“You got any cattle to sell?” Shultz asked, riding beside him.
“We have some two-year-old steers that’ll have lots of size by this fall.” Herschel thought about the stock they could sell off his wife’s ranch at the end of the season.
“I like threes better. What’ll they weigh?”
Herschel turned his shoulder to the crosswind to save his hat. “By fall, seven-eight hundred pounds. They’re big twos.”
“Can I go look at them?”
“Won’t hurt. They’re down on Marsha’s home place. They’ve got lots of shorthorn blood in them. Many are out of the second cross away from longhorns.”
Shultz nodded. Cattle buyers were like poker players, they never acted excited. But those Midwest farmers liked to feed out those British crosses much more than they did the old longhorns from Mexico.
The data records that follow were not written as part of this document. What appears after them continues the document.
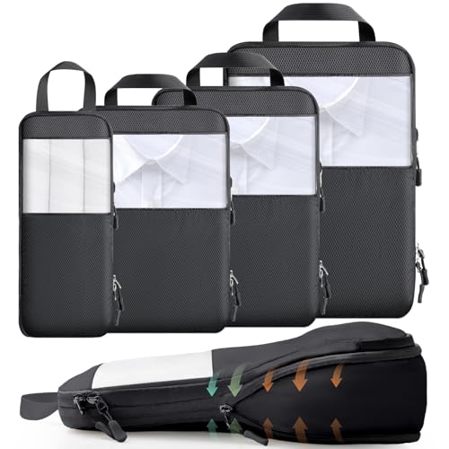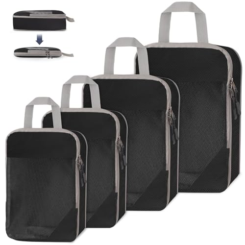 Bagage Sac Compression,Packing Cubes Compression Organisateur de Voyage Ultraléger,Rangement Valise peut Répondre Tous Vos Besoins de Voyage(Noir,4 pièces)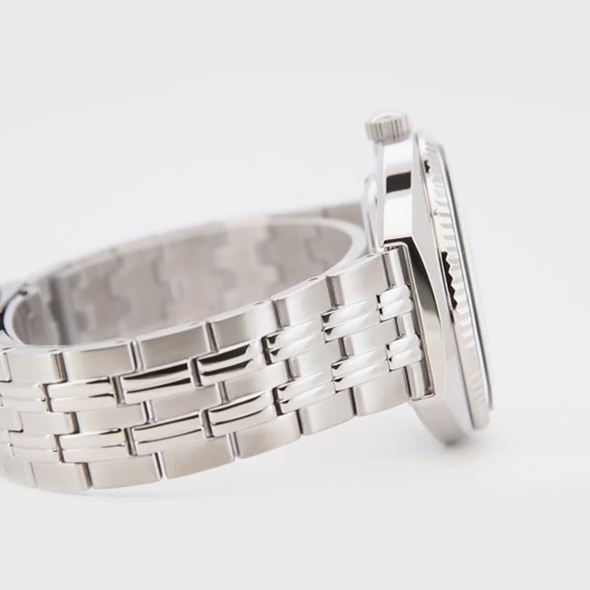 Quadrante blu con finitura omogenea che esalta contrasto e leggibilità, indici applicati e lancette coordinate definiscono un tracciato chiaro, minuteria fine e finestra data compongono un layout ordinato e privo di sovraccarichi. Il cristallo bombato ammorbidisce i contorni, la cassa in acciaio conserva linee continue che favoriscono la pulizia del profilo, mentre il bracciale in acciaio completa la palette fredda. Un’estetica elegante e sobria, adatta a molteplici contesti.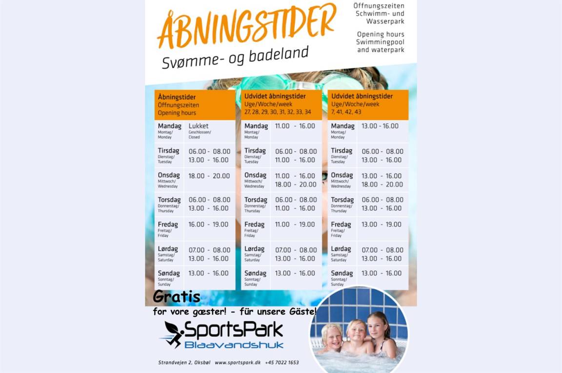 Es gibt freien Eintritt zum Erlebnisbad im "Sportspark Blåvandshuk" in Oksbøl.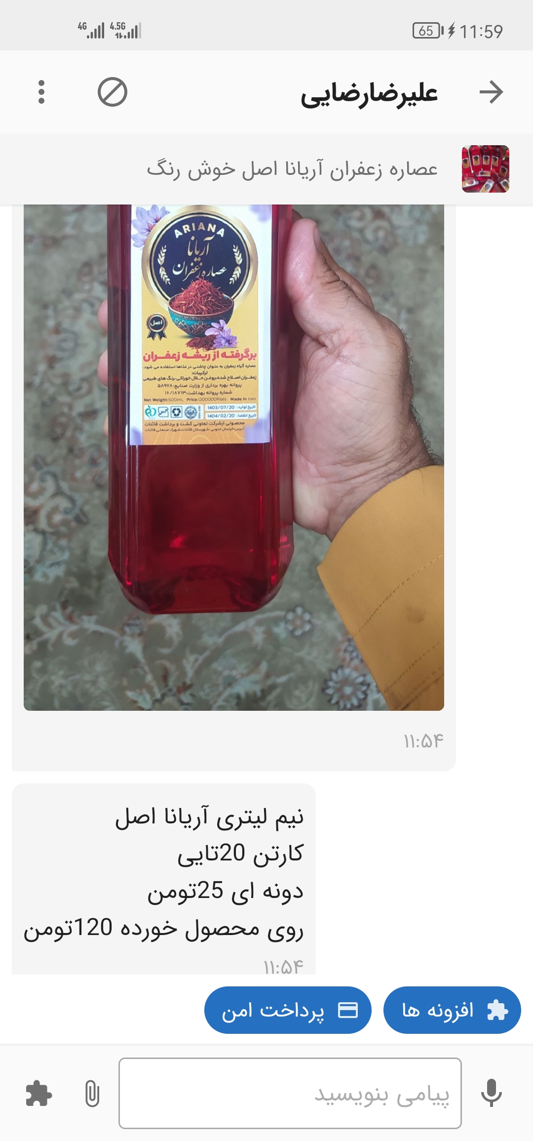 عصاره زعفران آریانا نیم لیتری ، انتخاب بی نظیری برای خرید عمده است. این عصاره ارزشمند از زعفران با کیفیت بالا تهیه شده و دارای خواص بی نظیری است. با تمرکز بر کیفیت برتر و قیمت ارزان، عصاره زعفران آریانا انتخاب ایده آلی برای صنایع غذایی، آشپزی، و همچنین استفاده در زیبایی شناسی می باشد. این محصول نه تنها به خاطر کیفیت بالا و خواص غذایی اش مورد توجه است، بلکه به دلیل ارزش اقتصادی بیشتری که نسبت به دیگر محصولات دارد، برای خریداران عمده بسیار جذاب است. با عصاره زعفران آریانا، امتیاز برتری بر رقبا کسب خواهید کرد.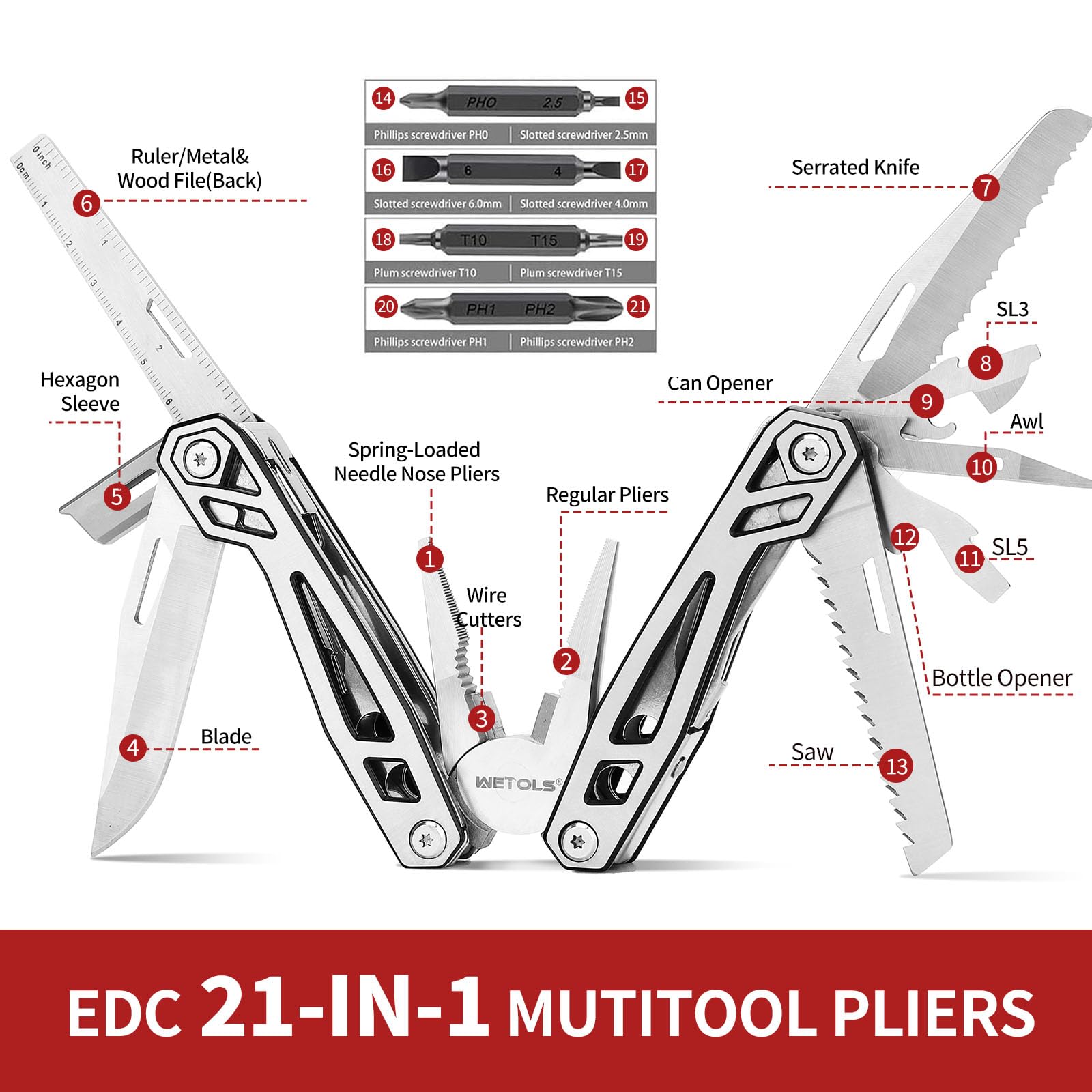 WETOLS Multitool with Pocket Knife, Birthday Gifts for Men Women Mom Dad, 21-in-1 Stainless Steel Pliers with Screwdrivers, Self-locking Multi tools with EDC Sheath, Ideal for Home, Camping, Survival

The two men rode on a long ways in silence, fighting the wind and the driving rain. When they reached Ramsey’s funeral home on Main Street, Herschel stepped down and shouldered the corpse. He waved away Shultz’s offer to help him and sent him to open the door.
At last inside the building under the heavy load, he removed his wet hat and put it on a tree rack. A young man rushed in and looked shocked at him carrying the dead man.
“Let me take him, Sheriff Baker.”
“No, you lead the way. I’ll need a coroner’s report on his death, so we need to lay him out back there.”
“Who is he? The dead man, I mean.”
“Wally something. All we know now is his first name.”
“What happened to him?” Leading the way back, the youth twisted around to look at Herschel and Shultz.
“He got in the way of a couple of bullets, I suspect,” Herschel said, and put the corpse on the tin-topped table. Grateful to have the load off his shoulder, he stepped back and looked at the man’s pale face under the lamplight. He still didn’t recognize him.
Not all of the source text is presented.